Under the Hood: System Architecture

graph LR
    subgraph Input ["Input Layer"]
        A["Textual Input<br/>Contains PII Entities"]
    end

    subgraph Detection ["Entity Detection Engine"]
        B["Waterfall Detection Algorithm<br/>• Phase 1: Pattern Recognition (RegEx)<br/>• Phase 2: Numerical Validation (Luhn)<br/>• Phase 3: Linguistic Analysis (NLP)<br/>Entity Types: EMAIL, PERSON, PHONE, URL"]
    end

    subgraph Cloaking ["Entity Anonymization"]
        C["Classification & Tokenization<br/>PII → Typed Placeholders<br/>Deterministic Mapping<br/>Format: &lt;TYPE_INDEX&gt;"]
    end

    subgraph Provider ["LLM Provider Interface"]
        D["Provider-Agnostic API Gateway<br/>Supported: OpenAI, Anthropic Claude,<br/>Google Gemini, Azure OpenAI,<br/>AWS Bedrock, Custom Endpoints"]
    end

    subgraph Restoration ["Entity De-anonymization"]
        E["Inverse Token Mapping<br/>Placeholder Detection<br/>Bidirectional Text Reconstruction<br/>Integrity Preservation"]
    end

    subgraph Output ["Output Layer"]
        F["Reconstructed Response<br/>Original PII Restored<br/>Stream-Compatible"]
    end

    subgraph Memory ["State Management System"]
        G["LRU Cache Implementation<br/>Conversation Continuity<br/>Hash-Based Entity Mapping<br/>O(1) Lookup Complexity"]
    end

    %% Primary data flow
    A --> B
    B --> C
    C --> D
    D --> E
    E --> F

    %% State management interactions
    Memory -.->|"Read/Write<br/>Entity Maps"| C
    Memory -.->|"Consistency<br/>Validation"| E

    %% Styling
    classDef inputStyle fill:#f8f9fa,stroke:#495057,stroke-width:2px,color:#212529
    classDef detectionStyle fill:#e8f4f8,stroke:#0c63e4,stroke-width:2px,color:#212529
    classDef cloakingStyle fill:#fff3cd,stroke:#856404,stroke-width:2px,color:#212529
    classDef providerStyle fill:#f0e6ff,stroke:#6f42c1,stroke-width:2px,color:#212529
    classDef restorationStyle fill:#d1ecf1,stroke:#0c5460,stroke-width:2px,color:#212529
    classDef outputStyle fill:#d4edda,stroke:#155724,stroke-width:2px,color:#212529
    classDef memoryStyle fill:#f8d7da,stroke:#721c24,stroke-width:2px,color:#212529

    class A inputStyle
    class B detectionStyle
    class C cloakingStyle
    class D providerStyle
    class E restorationStyle
    class F outputStyle
    class G memoryStyle

Installation

pip install llmshield

Quick Start

Basic Usage

from llmshield import LLMShield

# Initialise shield
shield = LLMShield()

# Protect sensitive information
cloaked_prompt, entity_map = shield.cloak(
    "Contact John Doe at john.doe@company.com or call +1-555-0123"
)
print(cloaked_prompt)
# Output: "Contact <PERSON_0> at <EMAIL_1> or call <PHONE_NUMBER_2>"

# Process with LLM
llm_response = your_llm_function(cloaked_prompt)

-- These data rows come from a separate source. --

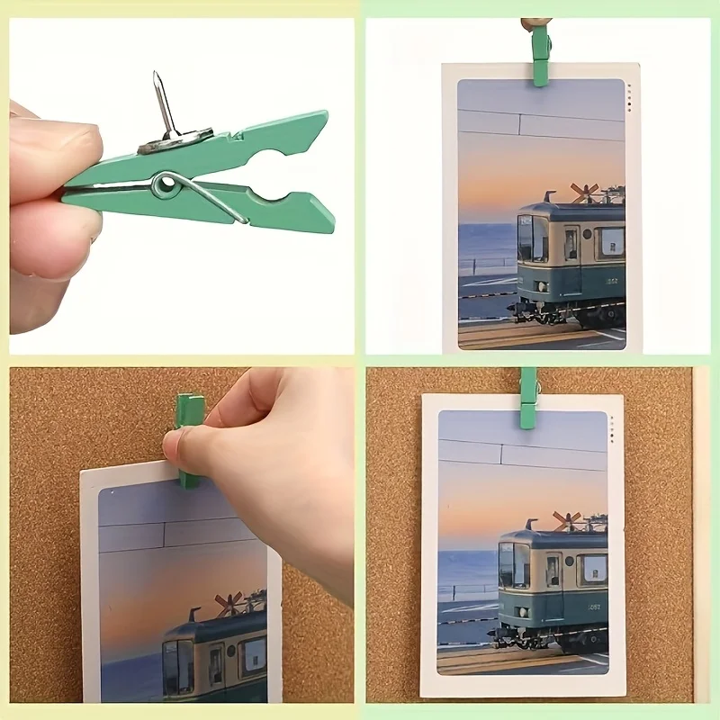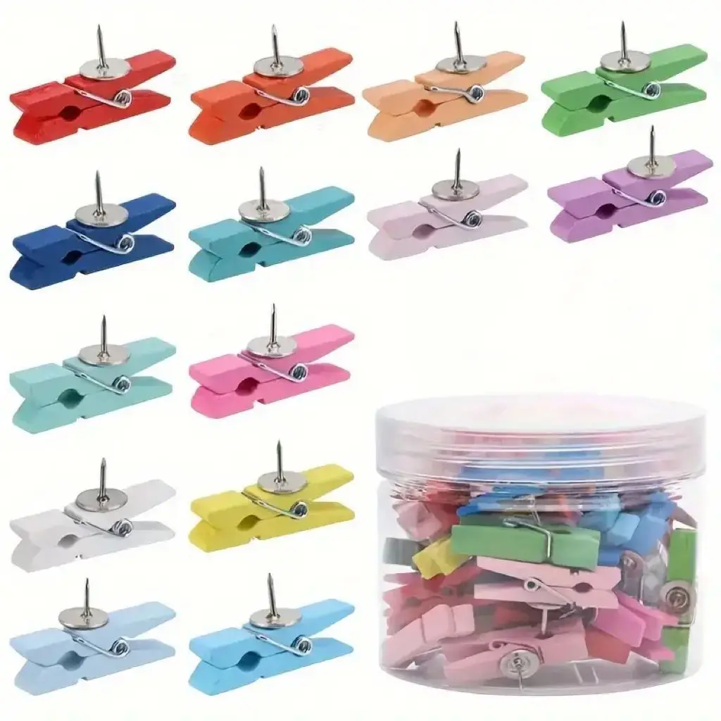 Punaises Pastel avec Clips en bois, 50 pièces, punaises colorées pour salle de classe, bureau, tableaux d'affichage à domicile | Punaises vibrantes |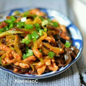翻炒至肉丝完全熟透,起锅装盘撒上适量的葱就可以啦。
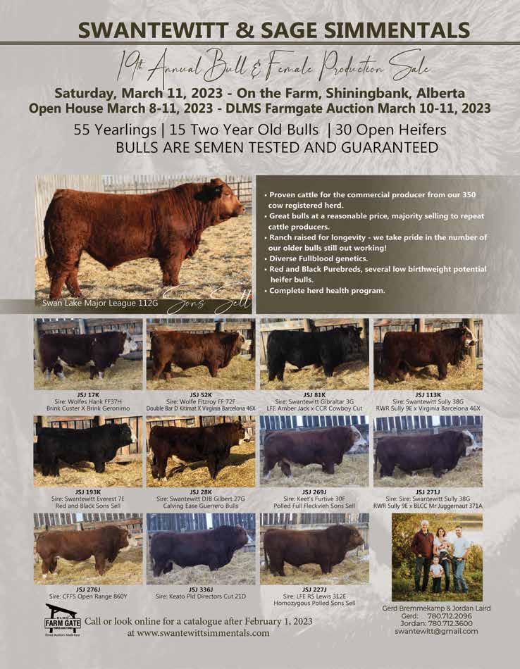 s Swantewitt & Sage Simmentals 19th Annual Bull & Female Production Sale, Shiningbank, AB

# Restore original entities
restored_response = shield.uncloak(llm_response, entity_map)

Note: Individual cloak() and uncloak() methods support single messages only and do not maintain conversation history. For multi-turn conversations with entity consistency across messages, use the ask() method.

Direct LLM Integration

from openai import OpenAI
from llmshield import LLMShield

client = OpenAI(api_key="your-api-key")
shield = LLMShield(llm_func=client.chat.completions.create)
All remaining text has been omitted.